An open rectangle with a semicircle on the top has a total perimeter of 288 inches. Find the radius of the semicircle that will maximize the area of the window.
2006-12-06 10:59:19 · 3 answers · asked by haloplayer_901 1 in Science & Mathematics ➔ Mathematics
Let us denote L to be the length of the window and W be the width. Then, our perimeter will be denoted as follows:
P = (three sides of the rectangle) plus (semicircle)
Getting the three sides of the rectangle is simple:
It's just L + W + L.
Getting the semicircle will just be getting half the circumference of the circle. If you drew a diagram, you'll notice W represents the diameter of the circle. Since circumference equals pi times diameter, and the diameter is W, then half the circumference would be W*pi/2
So
P = L + W + L + W*(pi/2)
P = 2L + (1+pi/2)W
Since we ultimately want the radius, and since we can see that W is equal to the diameter, it turns out W=2r, so we change the equation around
P = 2L + (1+pi/2)(2r)
P = 2L + (2 + pi)r
But P = 288, so
2L + (2 + pi)r = 288
Now, we want to maximize the area of the window, so we need a formula for the area.
A = (area of the rectangle) plus (area of the semicircle)
A = L(2r) + (pi*r^2)/2
A = 2Lr + (1/2)pi*r^2
Now, note that for
2L + (2 + pi)r = 288
We can solve for one variable; let's solve for L.
2L = 288 - (2+pi)r
L = 144 - [(2+pi)/2] r
So now, we plug in L for our area function.

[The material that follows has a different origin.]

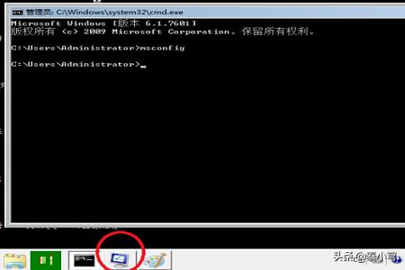 5、随后我们在cmd命令提示符输入msconfig。随后我们会看到任务栏会出现一个窗口,我们打开。

A = 2 [144 - [(2+pi)/2] r] + (1/2)pi*r^2
And this is now our function, which we'll from now on denote as
A(r), since it is now a function of ONE variable.

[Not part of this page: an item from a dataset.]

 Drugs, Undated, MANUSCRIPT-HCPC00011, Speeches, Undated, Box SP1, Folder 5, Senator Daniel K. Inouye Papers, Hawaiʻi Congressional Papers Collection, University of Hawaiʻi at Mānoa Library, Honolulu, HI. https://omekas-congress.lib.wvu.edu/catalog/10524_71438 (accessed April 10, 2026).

A(r) = 288 - (2+pi)r + (1/2)pi*r^2
In order to maximize, we must take the derivative and make it zero.
A'(r) = - (2+pi) + pi*r
0 = -2 - pi + pi*r
2 + pi = pi*r
r = (2+pi)/pi
Therefore, r = (2+pi)/pi is the radius of the semicircle that will maximize the area of the window.
2006-12-06 11:14:32 · answer #1 · answered by Puggy 7 · 0⤊ 0⤋
The perimeter = bottom of rect. + semicircle + sides = 2r + pi*r + 2 * h = 288.

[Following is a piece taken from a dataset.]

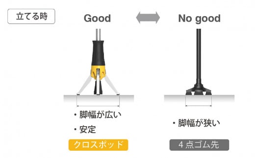 レッドドットデザイン賞受賞!クロスポッドは安心してどこにでも立てられる1点杖です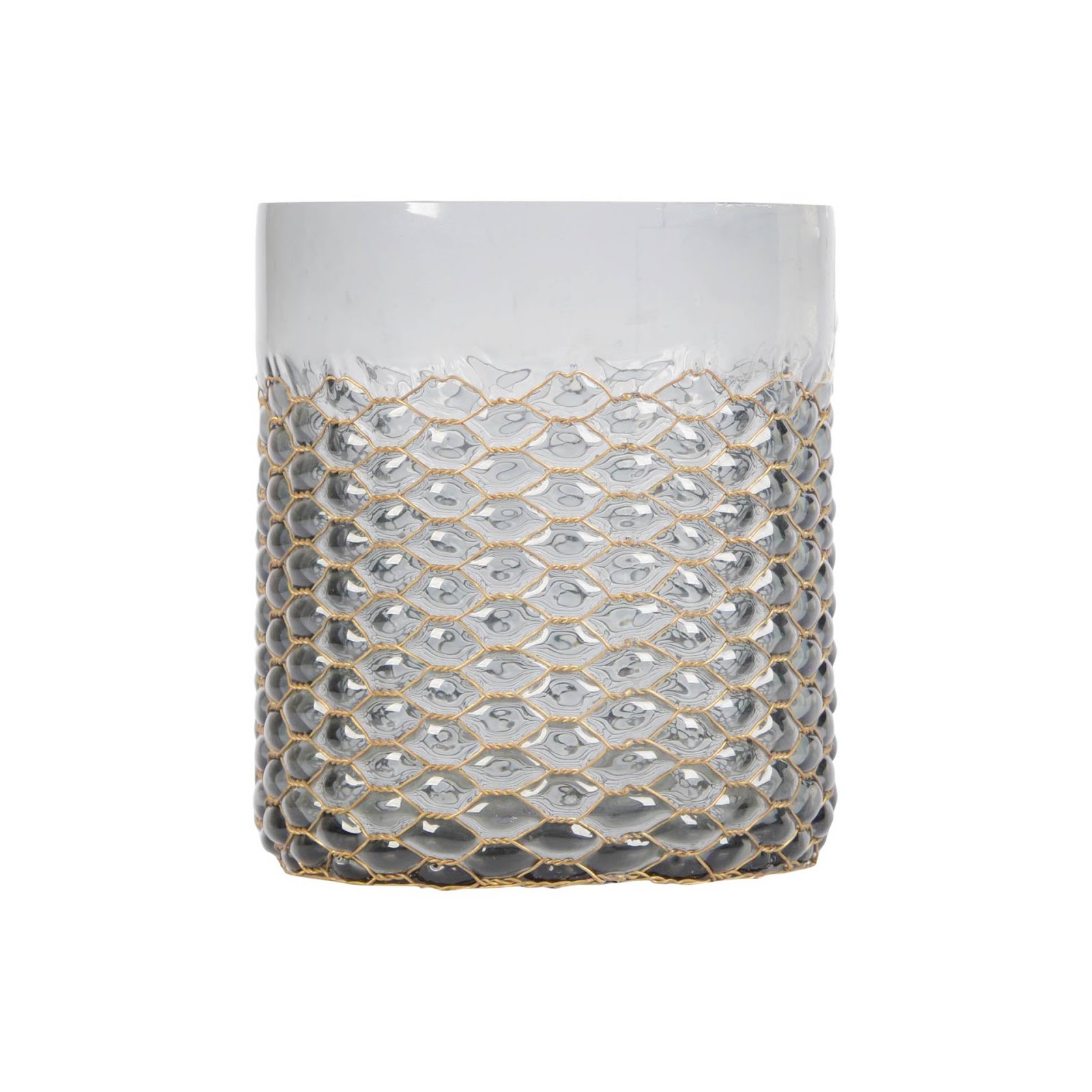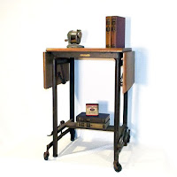 vintage wood typewriter table // glass wire cage vase // icelandic sheepskin

Solve for h. h = (288 - 2r - pi*r) / 2
The area is 2rh + 0.5*pi*r^2. Put this in terms of r by subbing in for h.
A(r) = 2r((288 - 2r - pi*r) / 2) + 0.5*pi*r^2 = 288r - (2 + 1.5 pi)r^2
The max happens where the derivative = 0.
A'(r) = 288 - (4 + 3pi)r = 0.
Solve. (I hope I didn't have any typos, but this is the approach.)
2006-12-06 11:15:26 · answer #2 · answered by MathGuy 3 · 0⤊ 0⤋
If 2L = length of rectangle and 2w = its width, then the radius of the circle part if it's attached to the width side is w.
Perimeter = 2L + 2w + 2L + 2w(pi)/2 = 288
4L + 2w + w(pi) = 288
4L = 288 - 2w - w(pi)
L = 72 - 1/2 w - w(pi)/4
Area = 2L(2w) + w^2 pi
Substitute in for L, then find the derivative and slove ot for 0
2006-12-06 11:16:46 · answer #3 · answered by hayharbr 7 · 0⤊ 0⤋